Achteraf was die verbetering van het oude baanrecord van Sven Kramer al een voorbode van de revelatie die Van de Bunt tijdens dit OKT bleek te worden. De ervaren kijker zag er misschien wel een mannelijke versie van Esmee Visser rijden. In 2018 kwalificeerde zij zich vanuit het niets voor de Spelen en wist daar tot ieders verbazing goud te winnen. Toch waren er ook significante verschillen ten opzichte van de verrassing van Visser. Van de Bunt heeft dan wel net als Visser nauwelijks internationale ervaring bij de senioren, maar zo verbaasd als zij destijds was over de eigen prestaties was hij dat allerminst. En in het juniorencircuit was Van de Bunt wel degelijk een uitblinker, met podiumplaatsen en overwinningen op marathons, bij het inlineskaten en wereldbekers op de langebaan.

Vanuit die ervaring komt hij na het invullen van de namen in de selectievolgorde van de KNSB ook zomaar in aanmerking om in Milaan twee extra startplekken in te nemen. Na het invullen van de 'logische' namen van Marcel Bosker en Chris Huizinga voor de ploegenachtervolging en Jorrit Bergsma op de mass start blijft er immers op beide onderdelen een plekje over die nog niet zomaar door een andere man in de selectievolgorde is ingevuld.

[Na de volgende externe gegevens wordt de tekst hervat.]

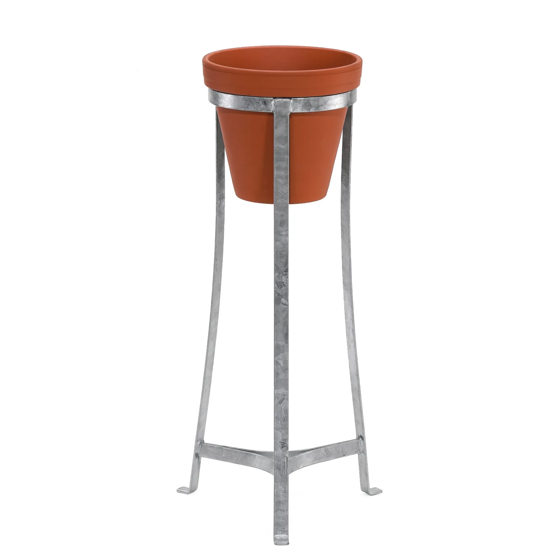 Dieser Blumentopfständer ist ideal für üppige, nach allen Seiten über den Topfrand wachsende Hängepflanzen – und zudem sehr praktisch bei etwas beengten Platzverhältnissen auf Balkon oder Terrasse. Der verzinkte Ständer nimmt aber auch unser Schmelzfeuer® aus Keramik auf.

Van de Bunt zou, gezien zijn capaciteiten en het feit dat hij sowieso al in Milaan is, die plekken heel goed kunnen opvullen.

Erwin ten Hove moedigt Stijn van de Bunt aan.

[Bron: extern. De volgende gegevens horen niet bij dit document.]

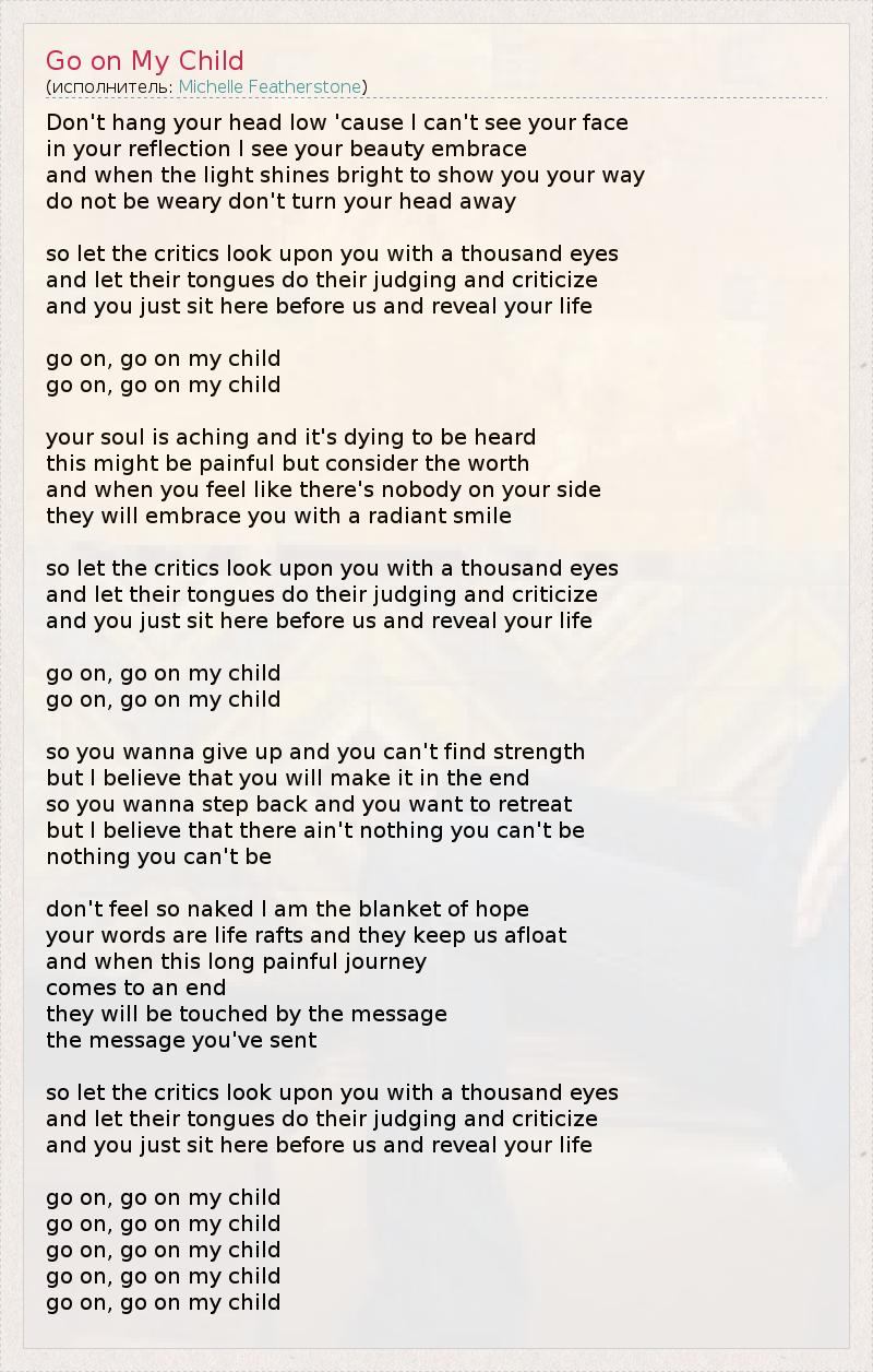 А как ты думаешь, о чем песня "Go on My Child" ?

De aanmoedigingen van Erwin ten Hove leiden Van de Bunt naar 12.36,35. | Foto: Orange Pictures

Geconfronteerd met die feiten hield Van de Bunt zich enigszins op de vlakte, maar liet toch weten dat hij die uitdaging graag aan zou gaan. “De ervaring op die onderdelen heb ik, dus het zou zeker leuk zijn als ik mag starten. Ik ben op meer fronten inzetbaar en met mijn achtergrond in het skeeleren heb ik op tactisch gebied en in het peloton veel ervaring. Daardoor ben ik behendig en kan ik snel schakelen in de wedstrijd.”

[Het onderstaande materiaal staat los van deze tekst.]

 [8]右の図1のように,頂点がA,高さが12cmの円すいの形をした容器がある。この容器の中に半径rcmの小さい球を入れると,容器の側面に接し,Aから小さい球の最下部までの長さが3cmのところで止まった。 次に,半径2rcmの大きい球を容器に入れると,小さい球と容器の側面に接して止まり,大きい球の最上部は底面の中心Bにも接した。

Ondanks die voorzichtige sollicitatie richting bondscoach Rintje Ritsma was er van sterallures zeker geen sprake bij de man uit Lopik, ook al reed hij bijna twintig seconden sneller dan zijn oude persoonlijk record. Hij bleef koel onder druk en leefde op dezelfde manier als altijd naar zijn tweede optreden toe. “Natuurlijk heb ik wel wat minder geslapen dan normaal, maar verder vond ik het allemaal meevallen. Met wat trainen, spelletjes spelen en opwarmen voor de wedstrijd gaat de tijd best snel. Het voelt ook helemaal niet als een roze wolk. Eigenlijk ben ik best wel relaxed.”